Distractor-evoked ERP estimation

The event related potential (ERP) was measured by signal-averaging across the same set of 14 contralateral (or ipsilateral) electrodes as employed in the decoding analyses. First, the data were high-pass filtered with a lower cut-off at 0.5 Hz using an FIR filter (N=500). Subsequently, the data were epoched from 800 ms before to 700 ms after distractor onset and then averaged across channels and trials to obtain the ERP waveform. This was done separately for each of the four distractor conditions (cued/uncued x left/right hemifield). Click or tap here to enter text.
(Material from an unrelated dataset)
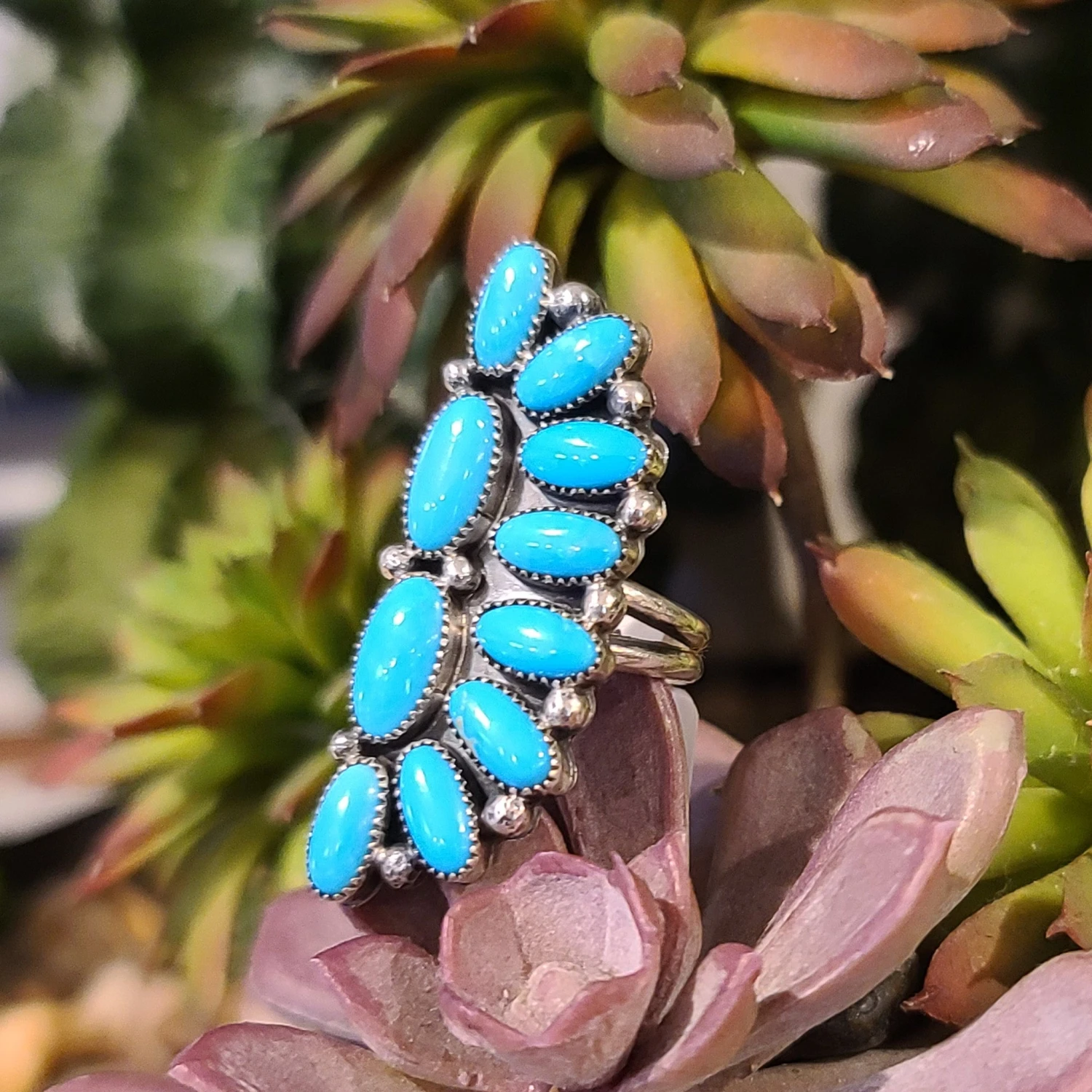 This is a statement piece right here. The 10 stone turquoise ring has a half moon shape and tons of character. At just over an inch it has a great size that

The N1 amplitude was defined as the mean signal value in a window extending from 150 to 200 ms following distractor onset and P2/P3a amplitude as the mean signal value in a ±40 ms window around the respective P2 and P3a peaks 31,33.

Median-split analyses based on memorandum maintenance, distractor encoding strength, timing and gating

We tested the association of diverse neural metrics and task variables to distractor-induced behavioral bias. For example, we measured the association between the strength of the cued memorandum’s maintenance and behavioral bias. For this analysis, the strength of the cued memorandum’s maintenance was quantified based on the average decoding accuracy (cosine similarity) in a 500-ms window in the delay period – beginning with cue onset, until 100 ms preceding the earliest distractor onset. Then, we divided trials into “weak” and “strong” memorandum maintenance trials based on a median split of the cosine similarity metric; the median split was performed for each participant and for each distractor condition (cued/uncued x left/right hemifield) separately. Weak and strong memorandum maintenance trials were then aggregated across the conditions, and the behavioral bias in the cued orientation report was computed separately for the two groups of trials with a procedure identical to that described previously (see Methods section on Estimating precision and bias in behavior).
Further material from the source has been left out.